LE CLUB DES ZÉRO ACTION
« Depuis que je suis arrivé, je n’ai rien fait, je fais même de moins en moins, je veux en arriver au rien absolu. C’est très difficile, il faut une application et un soin énormes. » Transformés en « mèmes » sur le Web, les dialogues du film La Collectionneuse, d’Éric Rohmer, dans lequel l’un des protagonistes tente de relever le défi de l’inactivité, trouvent un écho favorable chez de plus en plus d’internautes, qui font l’éloge du désoeuvrement. Une incitation au « zéro action », jusqu’à ne plus penser, « la chose la plus pénible et la plus accaparante qui soit ».

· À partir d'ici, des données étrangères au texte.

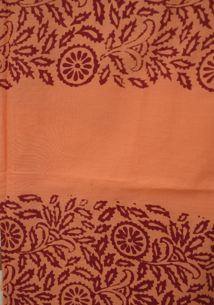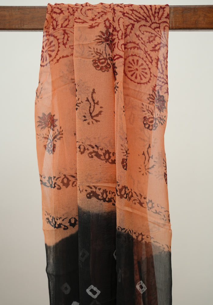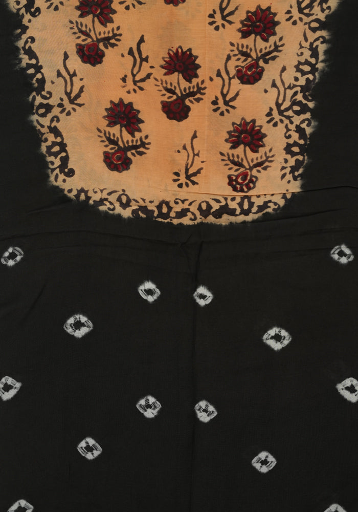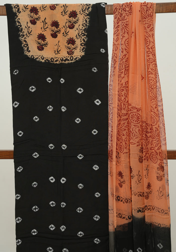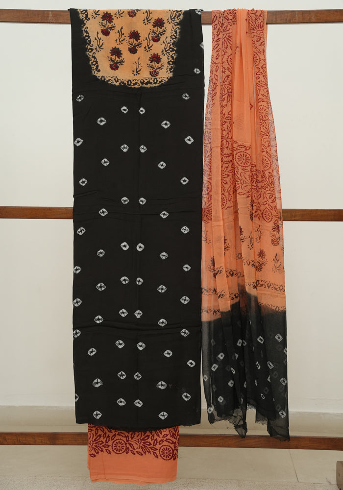 Black and Light Orange Unstitched Block Printed Muslin Salwar Set With Bandini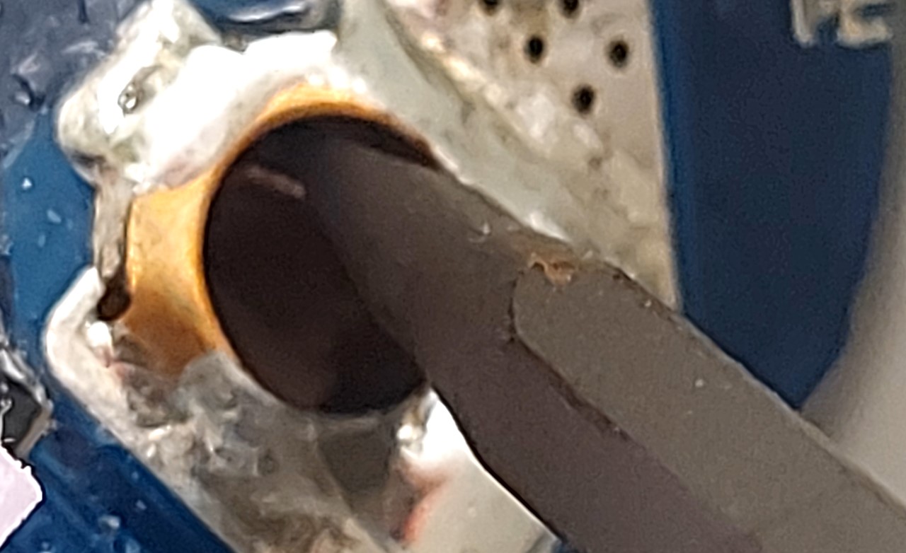 I de synliga hålen på kretskortet finns kontaktblecken. Använd en liten skruvmejsel eller ett gem för att försiktigt trycka ihop blecken. Viktigt: Innan du testar med en kontakt, se till att återmontera locket. Annars kan kontakten riskera att fastna.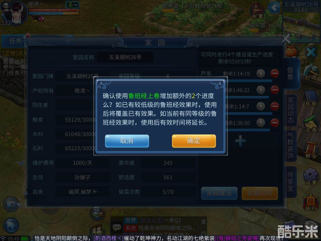 家园建设生产进度默认是两个,使用鲁班经可以增加进度,一个的效果是24小时。有上中下三卷,低级效果会被高级覆盖,同级继续吃可以延长有效时间。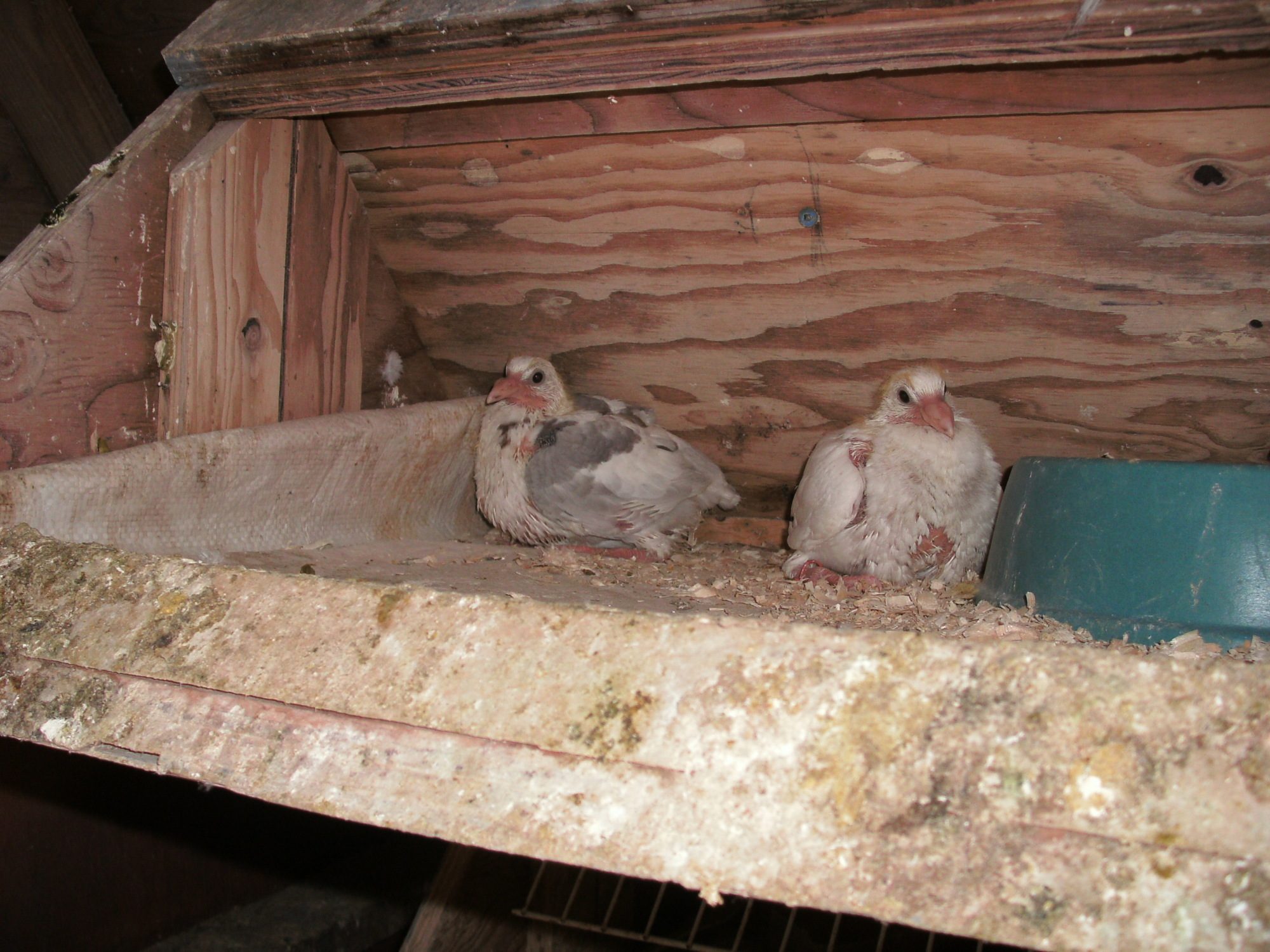 I have 2 squabs that are doing well now after first time parents lost their fist clutch of eggs. I have one solid white squab and another pied pigeon that has white and grey. I will post pictures once the colours are more absolute..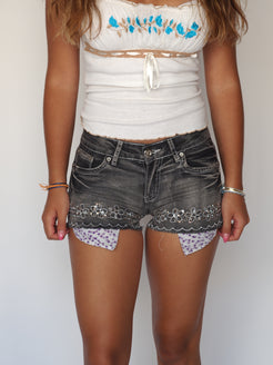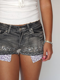 Hanel Haute Floral-Embroidered Distressed Denim Shorts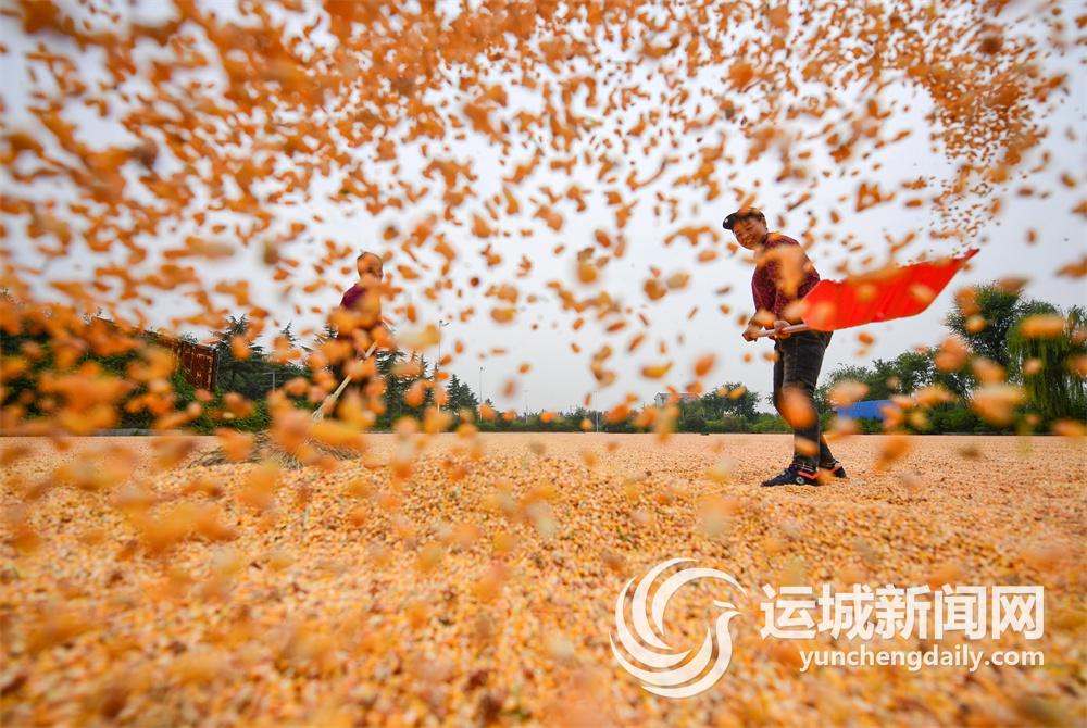 金秋时节,永济市60余万亩玉米喜获丰收,当地农民利用晴好天气抓紧晾晒收获的玉米,确保丰产丰收,颗粒归仓。在晾晒场上,新收获的玉米金灿灿,呈现出一幅大地丰收的喜人景象。

« Peut-on simplement ne rien faire ? », se rebellent ces twittos qui refusent l’appel à l’hypercréativité lancé tous azimuts dès le début du confinement. « On a assisté à deux vagues de prescriptions paradoxales : la première nous incitant à être productif à tout prix ; la seconde, plus déculpabilisante, nous autorisant à rester inactifs, souligne Géraldine Mosna-Savoye, productrice du Journal
de la philo sur France Culture. Depuis que nous sommes confinés, on constate la rapidité avec laquelle les normes sont érigées – injonctions indiquant ce qu’il est normal ou anormal de faire, par rapport à avant, aux autres, à soi-même – et en même temps prescrites. » Inenvisageable au début du confinement, s’accorder des moments d’inaction est depuis devenu légitime. « Mais, en réalité, ne rien faire, c’est aussi faire quelque chose… Le confinement devient alors une sorte d’expérience existentielle, une manière de “sentir le temps passer”. Dans tous les cas, on a l’impression qu’il faut absolument transformer cette situation exceptionnelle, qu’il faut essayer, coûte que coûte, de la rendre meilleure que ce qu’elle est vraiment », conclut la philosophe. Comme un refus de subir les événements.